Title: The effect of child labour in Africa on consumers of the cell phone industry

Authors: Emily K. Smith; Joseph A. Cazier; Jerry Fox; Jeremiah M. Kitunda

Addresses: Dean's Office, Walker Business School, Appalachian State University, 416 Howard Street, Room 4135 Raley Hall, ASU, Box 32037, Boone, North Carolina 28608-2037, USA ' Dean's Office, Walker Business School, Appalachian State University, 416 Howard Street, Room 4135 Raley Hall, ASU, Box 32037, Boone, North Carolina 28608-2037, USA ' Dean's Office, Walker Business School, Appalachian State University, 416 Howard Street, Room 4135 Raley Hall, ASU, Box 32037, Boone, North Carolina 28608-2037, USA ' Dean's Office, Walker Business School, Appalachian State University, 416 Howard Street, Room 4135 Raley Hall, ASU, Box 32037, Boone, North Carolina 28608-2037, USA

Abstract: The ethical integrity of companies is important to assess as business faces challenges that arise from different social and environmental responsibility issues. Child labour is one such issue that is currently impacting children in the Democratic Republic of Congo as they mine for coltan.

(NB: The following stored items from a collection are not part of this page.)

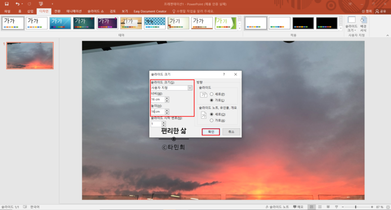 짠! 슬라이드 크기 조절도 금방 하실 수 있겠죠? :)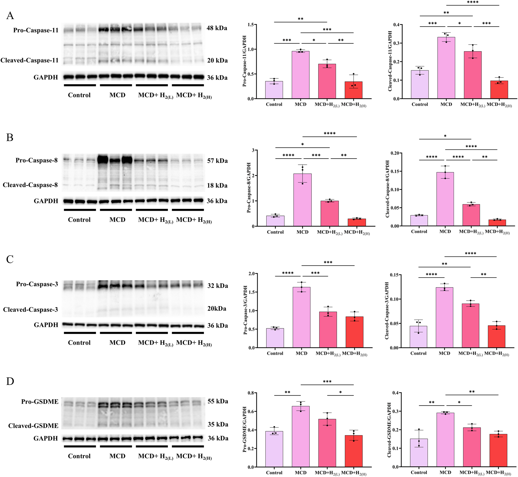Figure 6. H2 therapy inhibited the non-classical pyroptosis signaling in the liver of mice fed with a MCD diet. (A) Western blotting images of pro-Caspase-11, cleaved-Caspase-11 and GAPDH in the liver, and quantifications of pro-Caspase-11/GAPDH and cleaved-Caspase-11/GAPDH ratios; (B) Western blotting images of pro-Caspase-8, cleaved-Caspase-8 and GAPDH in the liver, and quantifications of pro-Caspase-8/GAPDH and cleaved-Caspase-8/GAPDH ratios; (C) Western blotting images of pro-Caspase-3, cleaved-Caspase-3 and GAPDH in the liver, and quantifications of pro-Caspase-3/GAPDH and cleaved-Caspase-3/GAPDH ratios; (D) Western blotting images of pro-GSDME, cleaved-GSDME and GAPDH in the liver, and quantifications of pro-GSDME/GAPDH and cleaved-GSDME/GAPDH ratios; n = 3 mice in each group. Results are expressed as means ± SD. *p < 0.05, **p < 0.01, ***p < 0.001, ****p < 0.0001.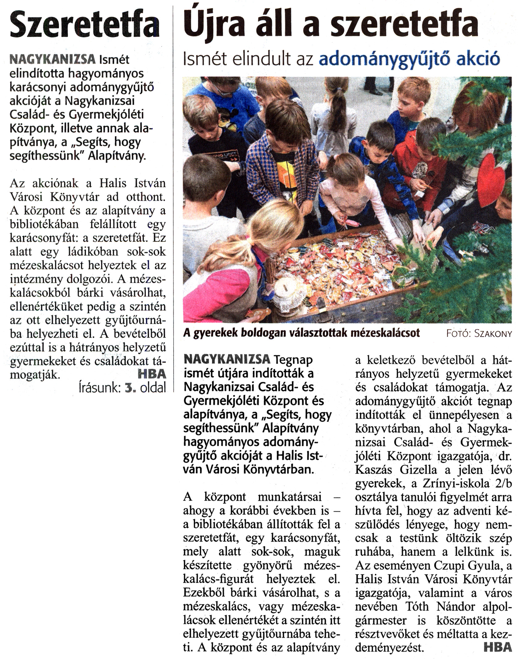 Nyilvános 1625 | 2769 | Zalai Hírlap 2018. december 4. 281. szám 1, 3. oldal | Szeretetfa Újra áll a szeretetfa Ismét elindult az adománygyűjtő akció A gyerekek boldogan választottak mézeskalácsot Fotó: Szakony NAGYKANIZSA Ismét elindította hagyományos karácsonyi adománygyűjtő akcióját a Nagykanizsai Család- és Gyermekjóléti Központ, illetve annak alapítványa, a „Segíts, hogy segíthessünk" Alapítvány. Az akciónak a Halis István Városi Könyvtár ad otthont. A központ és az alapítvány a bibliotékában felállított egy karácsonyfát: a szeretetfát. Ez alatt egy ládikóban sok-sok mézeskalácsot helyeztek el az intézmény dolgozói. A mézeskalácsokból bárki vásárolhat, ellenértéküket pedig a szintén az ott elhelyezett gyűjtőurná-ba helyezheti el. A bevételből ezúttal is a hátrányos helyzetű gyermekeket és családokat támogatják. HBA írásunk: 3. oldal NAGYKANIZSA Tegnap ismét útjára indították a Nagykanizsai Család- és Gyermekjóléti Központ és alapítványa, a „Segíts, hogy segíthessünk" Alapítvány hagyományos adománygyűjtő akcióját a Halis István Városi Könyvtárban. A központ munkatársai -ahogy a korábbi években is -a bibliotékában állították fel a szeretetfát, egy karácsonyfát, mely alatt sok-sok, maguk készítette gyönyörű mézeskalács-figurát helyeztek el. Ezekből bárki vásárolhat, s a mézeskalács, vagy mézeskalácsok ellenértékét a szintén itt elhelyezett gyűjtőurnába teheti. A központ és az alapítvány a keletkező bevételből a hátrányos helyzetű gyermekeket és családokat támogatja. Az adománygyűjtő akciót tegnap indították el ünnepélyesen a könyvtárban, ahol a Nagykanizsai Család- és Gyermekjóléti Központ igazgatója, dr. Kaszás Gizella a jelen lévő gyerekek, a Zrínyi-iskola 2/b osztálya tanulói figyelmét arra hívta fel, hogy az adventi készülődés lényege, hogy nemcsak a testünk öltözik szép ruhába, hanem a lelkünk is. Az eseményen Czupi Gyula, a Halis István Városi Könyvtár igazgatója, valamint a város nevében Tóth Nándor alpolgármester is köszöntötte a résztvevőket és méltatta a kezdeményezést. HBA |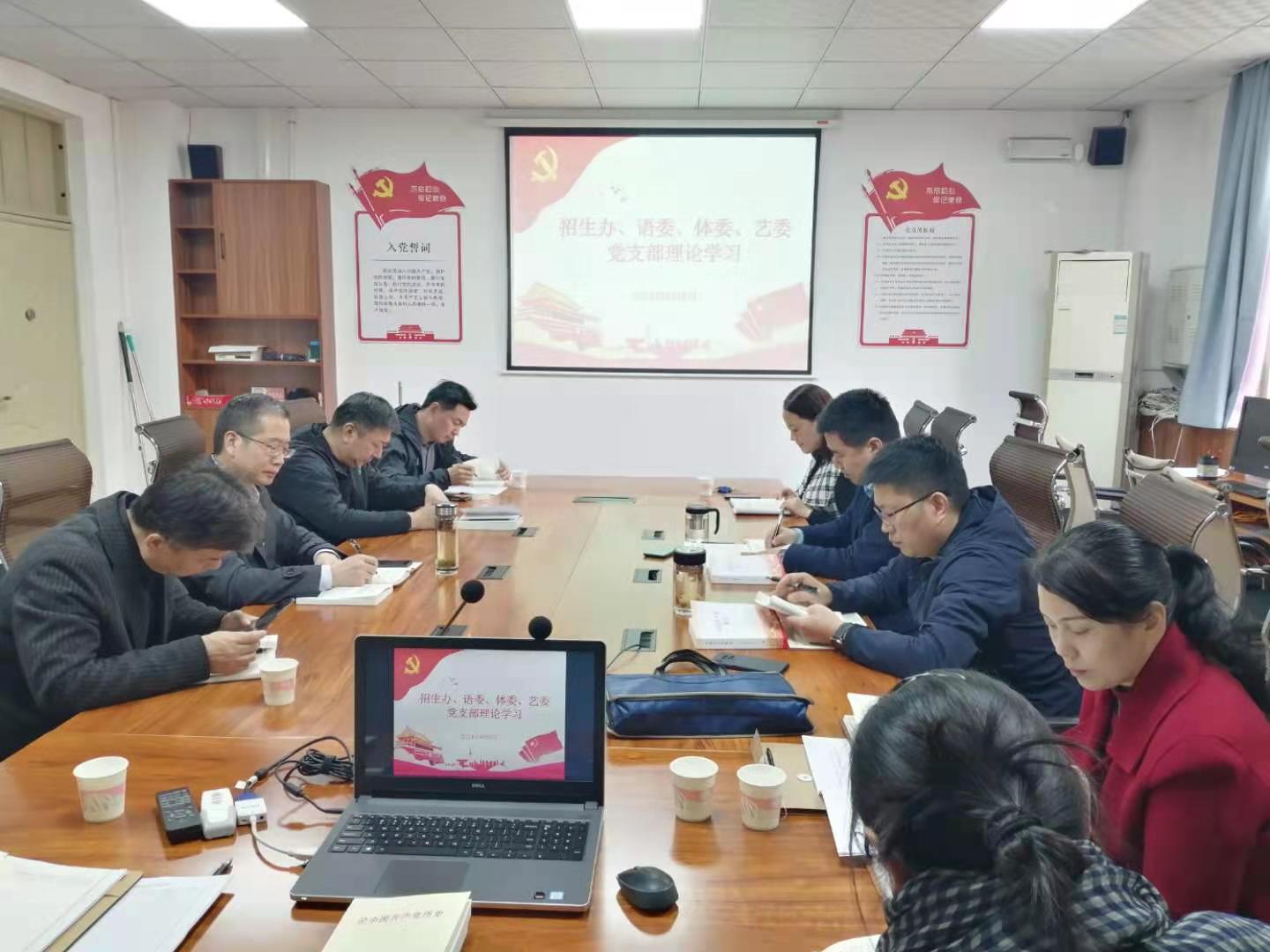 4月6日下午,招生办语委体委艺委党支部在文渊楼331A会议室开展党史学习教育活动。支部全体党员参加学习,会议由支部书记康海军主持。直属单位党委书记任永利全程参与。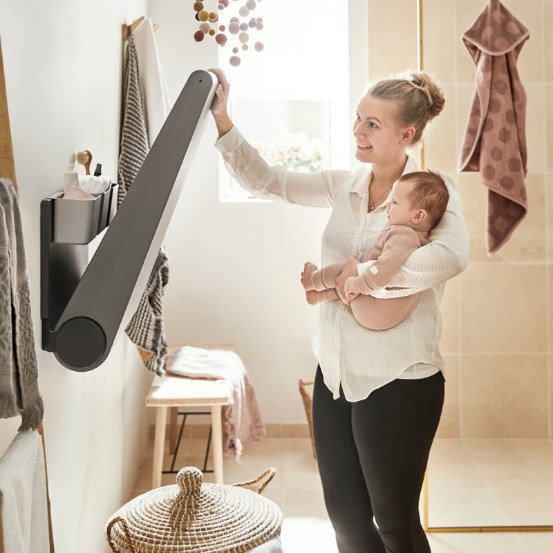 Leander Wally™ to odpowiedź na potrzeby współczesnego domu. Jego konstrukcja i niewielkie rozmiary pozwalają zaoszczędzić sporo miejsca. Gdy nie używasz przewijaka, możesz go złożyć, podnosząc blat. Leander Wally™ świetnie się sprawdzi nie tylko w pokoju dziecięcym, ale również w łazience – to doskonałe rozwiązanie dla każdego, kto ceni zarówno funkcjonalność, jak i prywatność oraz dyskrecję.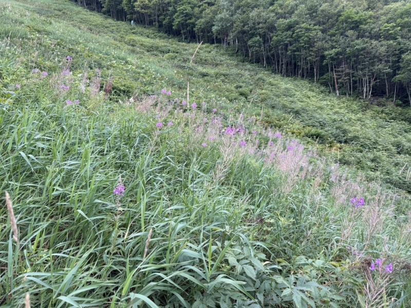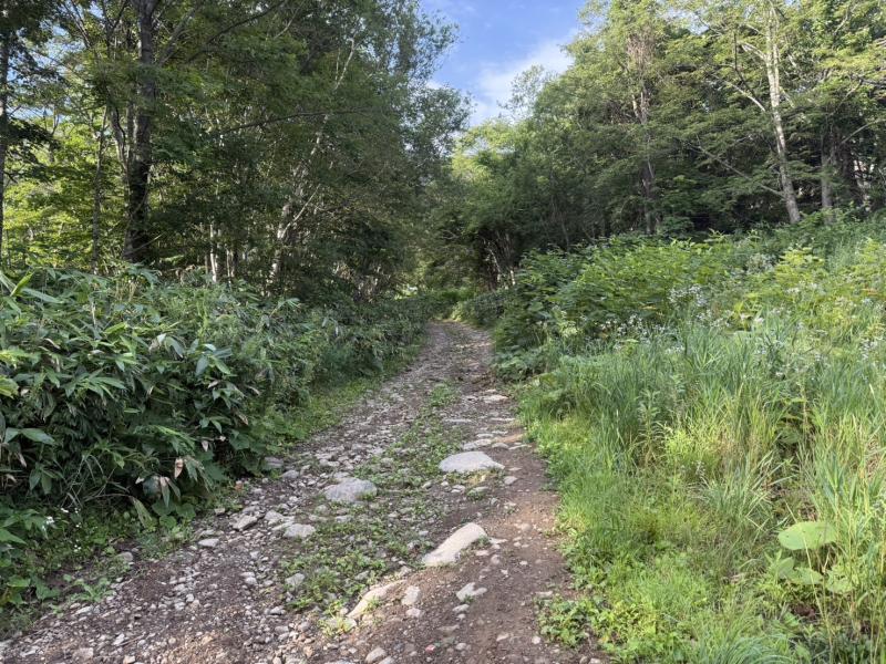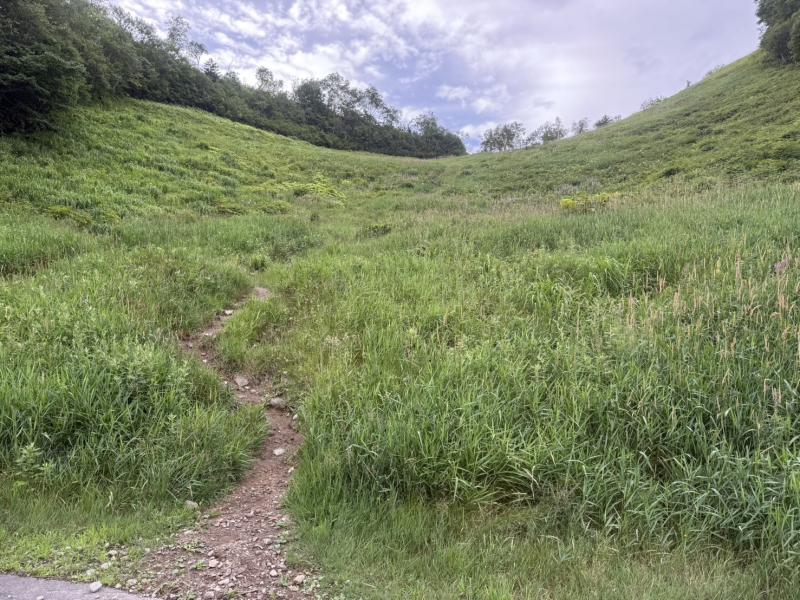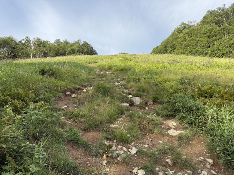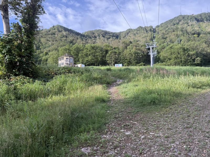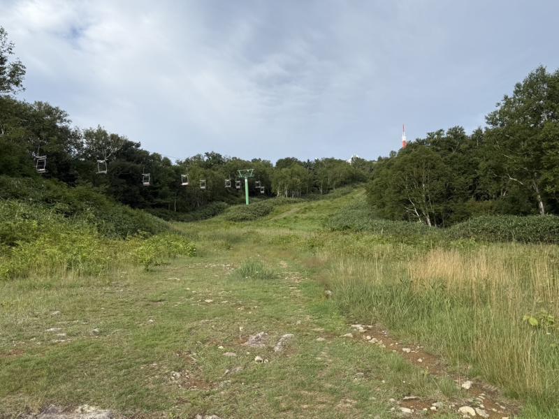 スキー場のピーク手前でやや急登がありますが短距離です。

This conflict mineral is used in many consumer electronics, which raises the issue of what consumers and companies are doing to take action against this issue. This study uses the issue of child labour to mine coltan for cell phones to assess the ethical impact on consumers of the cell phone industry. Consumer awareness leads to an assessment of revised social features (Auger et al., 2003), which looks at the existence of price premiums and purchase intentions. The willingness-to-pay for social features leads to ethical consumerism, which positively reinforces the continued focus on corporate responsibility among businesses. Survey results analysing the issue are used to show that consumers identify child labour as socially unjust and consumers are willing to pay more for phones that can be certified as child labour-free.

Keywords: child labour; ethical consumerism; willingness-to-pay; social features; Africa; ethics; cell phone industry; mobile phone industry; cell phones; mobile phones; Democratic Republic of Congo; coltan mining; consumer electronics; consumer awareness; corporate responsibility; child exploitation; children.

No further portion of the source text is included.